La verdadera crítica que debe hacérsele a “Bruno” es que la mitad de los “sketches” son para reírse a carcajadas y la otra mitad bastante malos. El humor funciona —y esto es lo que hizo de “Borat”, el anterior film de Cohen, un deleite— cuando cumple tres condiciones: la puesta en evidencia, mediante exageración cómica, de algo que podría ser cierto, la sorpresa y el riesgo. En su deambular por los Estados Unidos, Bruno corre riesgos brutales, lo cual cumple con la tercera condición.
Ocasionalmente, hace lo inesperado, pero, dadas las similitudes con “Borat”, es a menudo predecible. Y si bien pone en ridículo, mediante exageración maniquea, las rigideces culturales de cierto tipo de gringos sureños, la incomodidad de muchos afro-americanos con la homosexualidad, el oscurantismo de ciertos judíos hasídicos y el fanatismo de algunos activistas islámicos, muchas de las escenas carecen de este elemento clave para un humor logrado. Y eso es lo que hace muy poco convincente, por ejemplo, el “sketch” en el que Bruno trata de seducir al congresista Ron Paul, que reacciona como reaccionaría cualquiera que se enfrentase a un acoso así fuese cual fuese su sexualidad. También por ello ciertas escenas resultan vulgares por el gusto de ser vulgares.

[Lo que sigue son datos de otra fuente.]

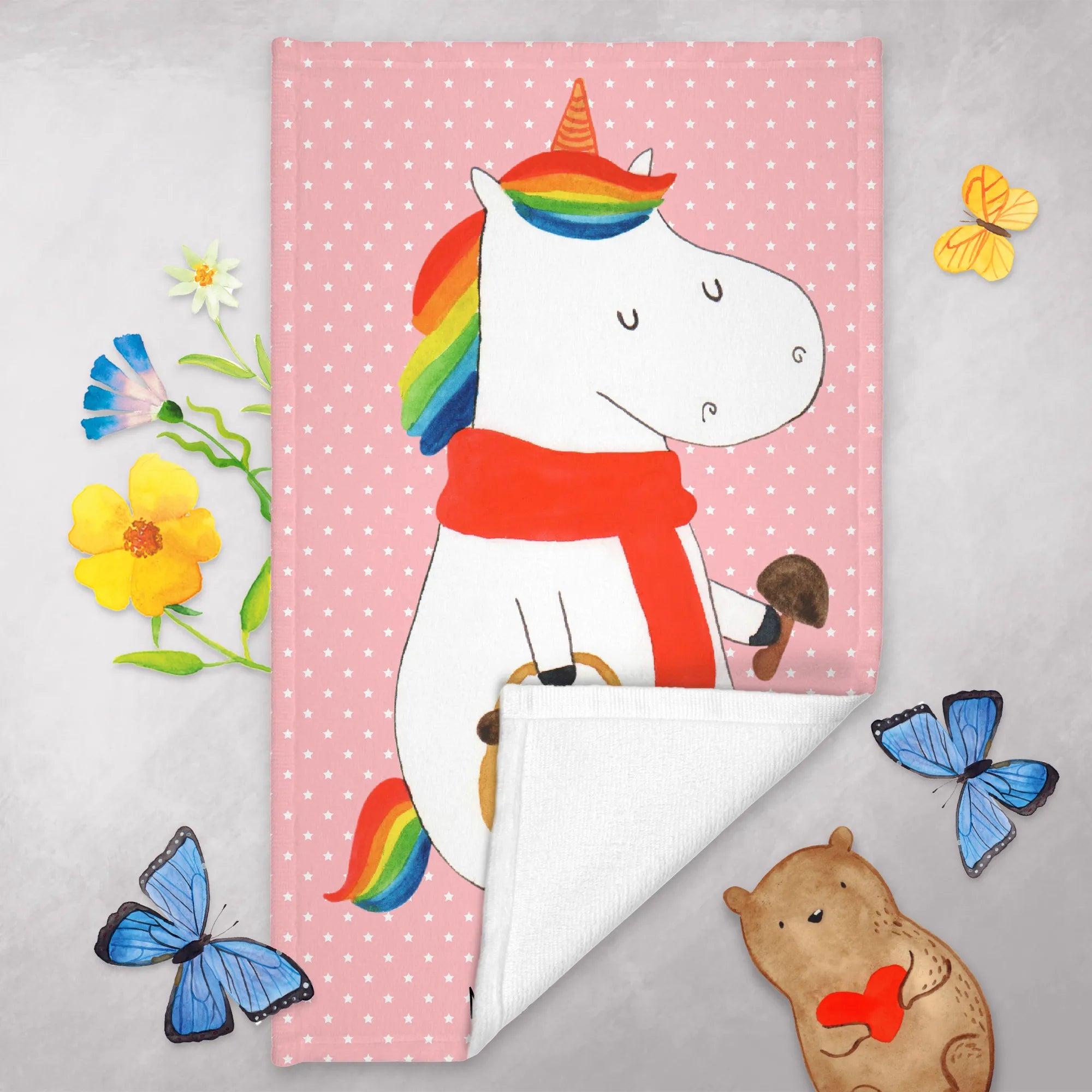 Entdecke das zauberhafte 50 x 100 Handtuch mit dem wunderschönen Einhorn Pilz Motiv aus der einzigartigen Einhorn - Kollektion von Mr. & Mrs. Panda!

Los “decadentes” de fines del siglo 19 –un movimiento artístico europeo— adoptaron la frase “épater le bourgeois” (“conmocionar a las clases medias”) como un distintivo de orgullo para describir su trabajo, una reacción contra el Romanticismo. Así de viejo y tradicional es el empeño de Sacha Baren Cohen de escandalizar a la sociedad respetable. Pero es una tradición que se renueva a sí misma de tiempo en tiempo porque las formas recurrentes de conformismo en la sociedad piden a gritos nuevos intentos de sacudirla mediante la crítica social escandalosa. Hay ciertamente algo decadente en lo que hace Cohen, y cuando no funciona tan bien como en “Borat” puede ser irritante. Pero, aun así, el mundo es mejor con este tipo de espíritus anárquicos que perturban su sentido complaciente de lo que es respetable de vez en cuando.
Alvaro Vargas Llosa es Académico Senior del Centro Para la Prosperidad Global en el Independent Institute y editor de "Lessons from the Poor".